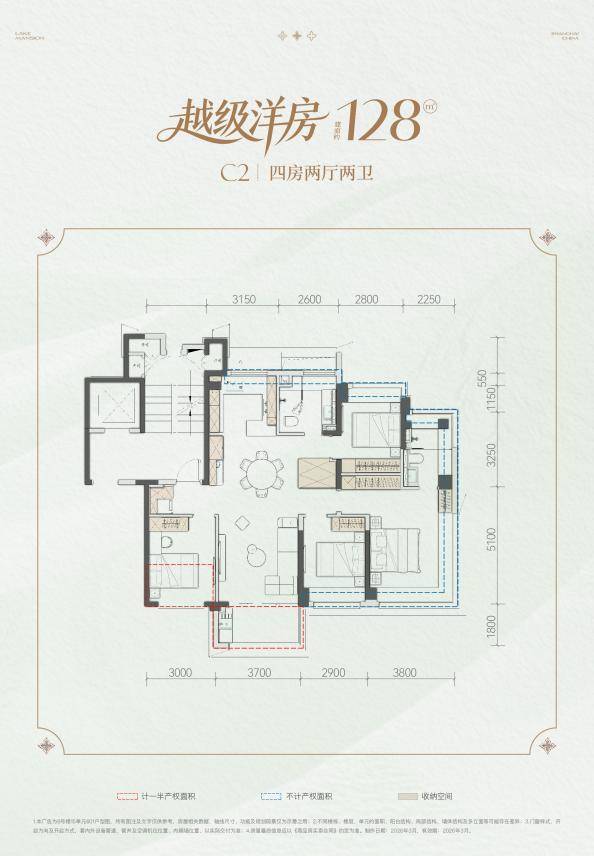 约128㎡「越级洋房」四室两厅两卫,实现了约89-95%的高实得率,将同等面积段产品的空间利用率推至新高度,做到真正的大四卧格局。
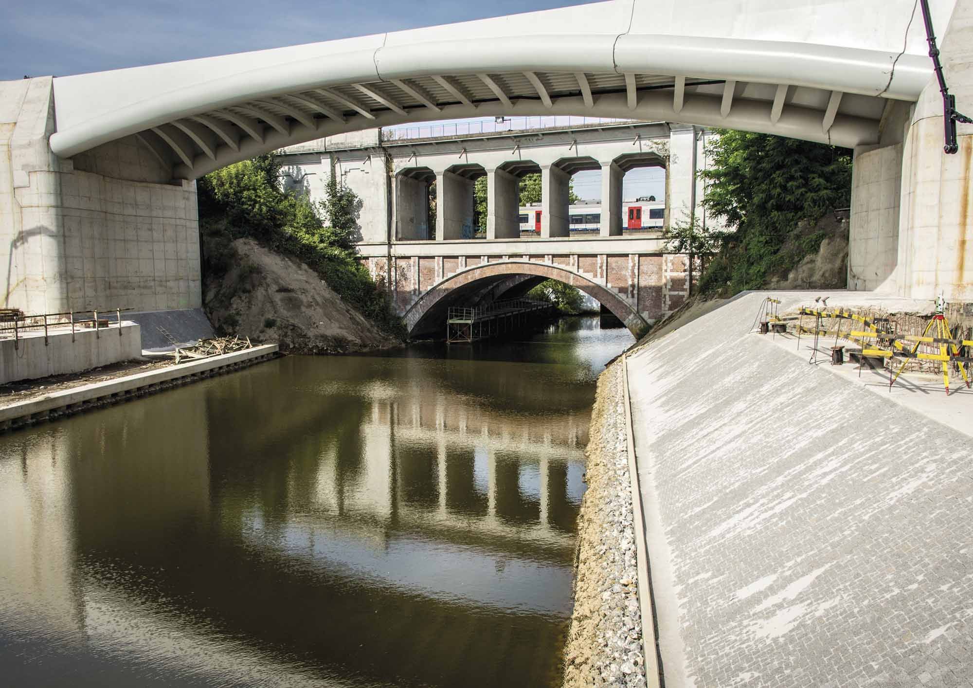 3-spoorbrug met grote schuinte
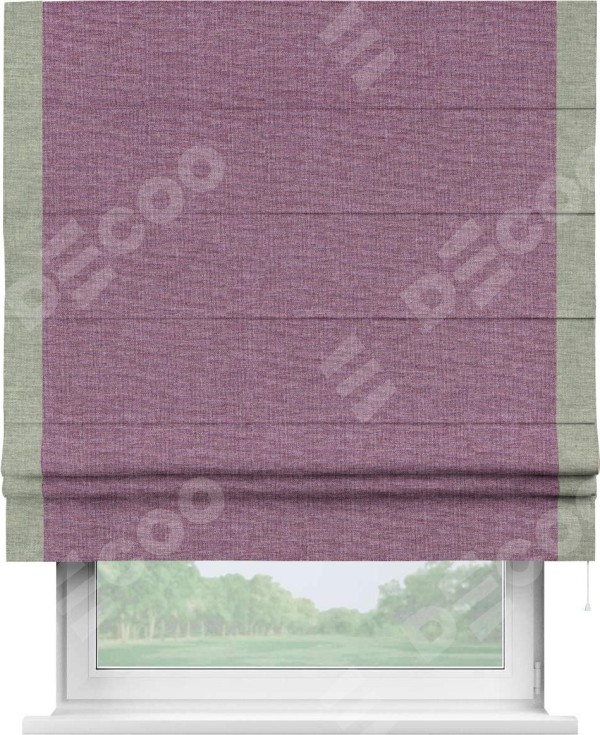 Римская штора «Кортин» с кантом Стрим Дуо, для проема, ткань лён кашемир сиреневый
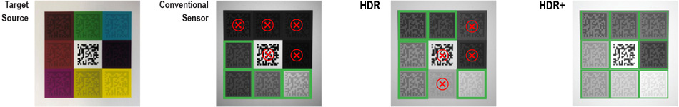 HDR+ 是專利申請中的先進演算法,可自行進一步地增加局域對比,突破原本的 HDR 技術藩籬。這樣單次採集可產生更一致的圖像,提供的景深更深,讓生產線速度更快,改善多點裝配驗證的處理能力,還可改善處理難以讀取的代碼。
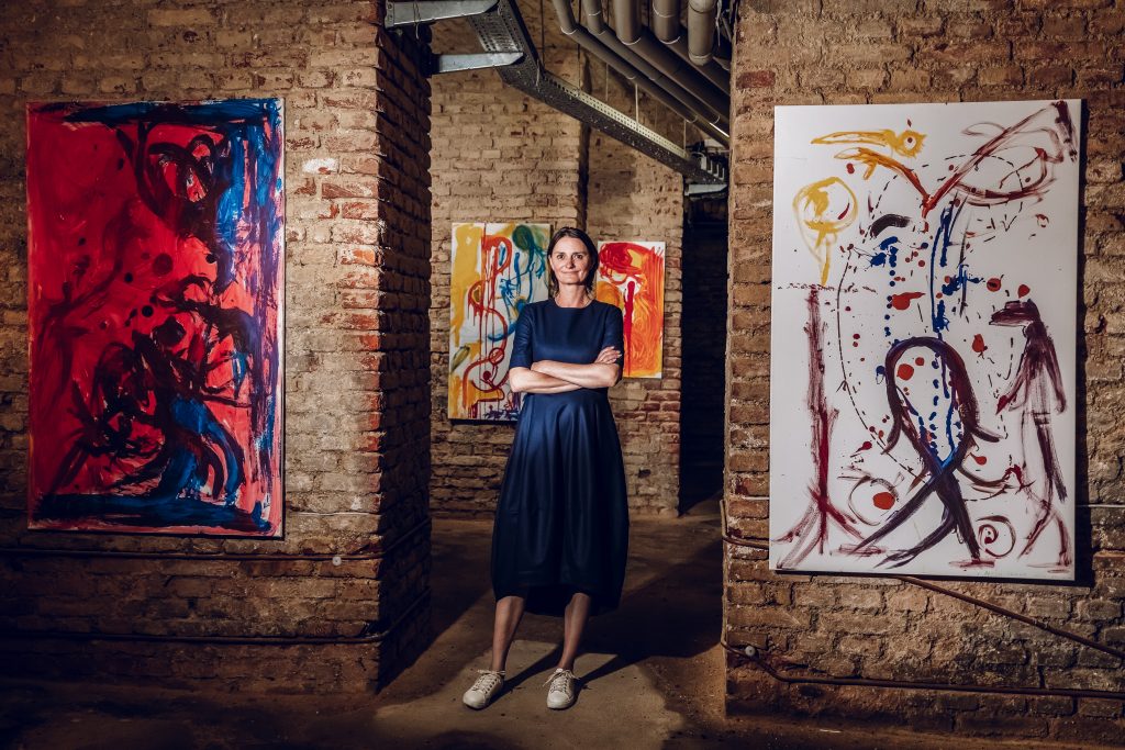 Ihre Arbeit entsteht nicht im Atelier sondern aus ihrem Leben heraus an dem Ort und in der Umgebung in der sich ihre Bilder in ihr finden, setzen, bündeln und dann in erruptiver und teilweise ekstatischer Aktion auf die Lein wände fließen.
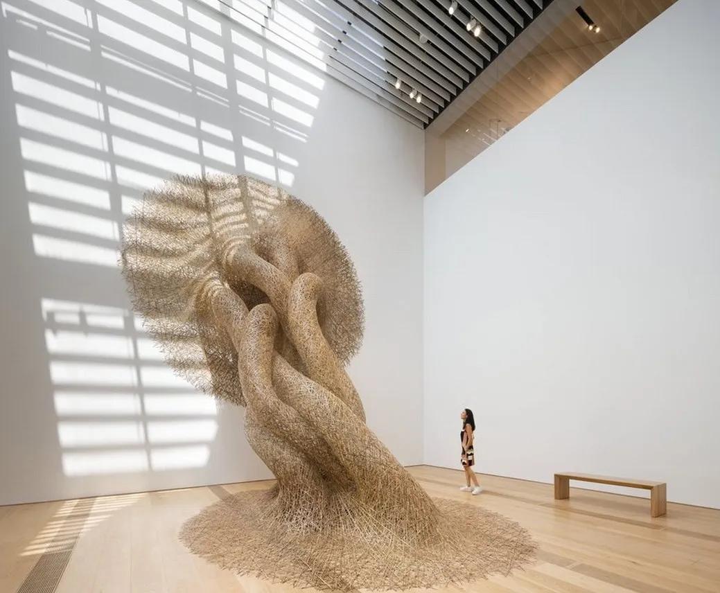 由Kengo kuma & Associates设计的展馆名为“KITHUL-AMI”,专为庆祝斯里兰卡建筑师Geoffrey Bawa 诞辰一百周年而设计,是工作室在澳大利亚的第一个项目。设计团队试图通过使用一种称为“kithul”的葡萄藤(通常用于斯里兰卡传统工艺)来展现巴瓦建筑的“柔和”,同时展示了斯里兰卡的个性和文化。

- **WHAT YOU NEED TO DO**: Transcribe the records above exactly, omitting every picture they contain.

- **TASK RESPONSE**:
 约128㎡「越级洋房」四室两厅两卫,实现了约89-95%的高实得率,将同等面积段产品的空间利用率推至新高度,做到真正的大四卧格局。
 3-spoorbrug met grote schuinte
 Римская штора «Кортин» с кантом Стрим Дуо, для проема, ткань лён кашемир сиреневый
 HDR+ 是專利申請中的先進演算法,可自行進一步地增加局域對比,突破原本的 HDR 技術藩籬。這樣單次採集可產生更一致的圖像,提供的景深更深,讓生產線速度更快,改善多點裝配驗證的處理能力,還可改善處理難以讀取的代碼。
 Ihre Arbeit entsteht nicht im Atelier sondern aus ihrem Leben heraus an dem Ort und in der Umgebung in der sich ihre Bilder in ihr finden, setzen, bündeln und dann in erruptiver und teilweise ekstatischer Aktion auf die Lein wände fließen.
 由Kengo kuma & Associates设计的展馆名为“KITHUL-AMI”,专为庆祝斯里兰卡建筑师Geoffrey Bawa 诞辰一百周年而设计,是工作室在澳大利亚的第一个项目。设计团队试图通过使用一种称为“kithul”的葡萄藤(通常用于斯里兰卡传统工艺)来展现巴瓦建筑的“柔和”,同时展示了斯里兰卡的个性和文化。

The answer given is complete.